Xendo, Inc. is an enterprise search company headquartered in San Francisco, California.   Xendo operates a Software-as-a-Service (SaaS) platform of the same name which enables professional knowledge workers with Unified Search across 30+ enterprise cloud applications (like Salesforce, Google Apps, Asana, Trello and more) and includes connectors to integrate on-premises and proprietary systems.
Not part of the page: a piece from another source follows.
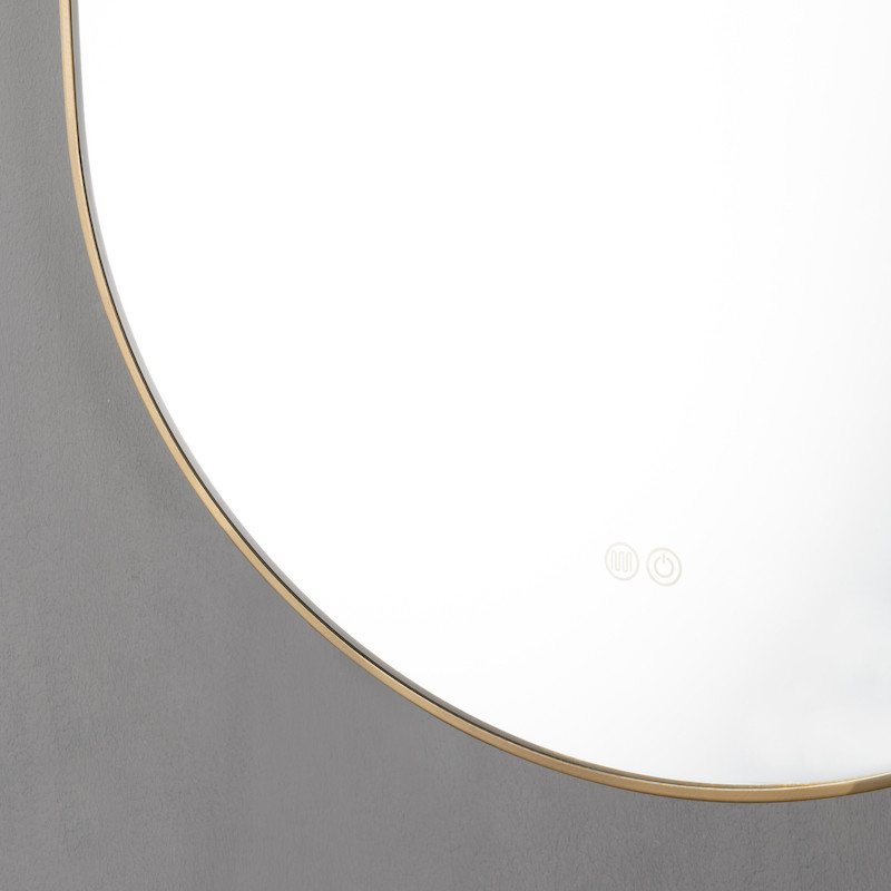 Miroir de salle de bain rétroéclairé antibuée tactile Falbala. Dimensions : 60 x 85 x 3 cm. Disponible en 2 couleurs : or brossé et noir mat.

Xendo provides deep, full-text search with advanced filter capabilities like proximity searching and OCR.   Using NLP and Entity Extraction, Xendo enhances relevance and derives insights latent in textual content (such as documents, emails, calendar events, tasks). Xendo is pre-integrated with Single Sign-On (SSO) solutions like Okta and OneLogin, so users can seamlessly find and securely access their content wherever it is.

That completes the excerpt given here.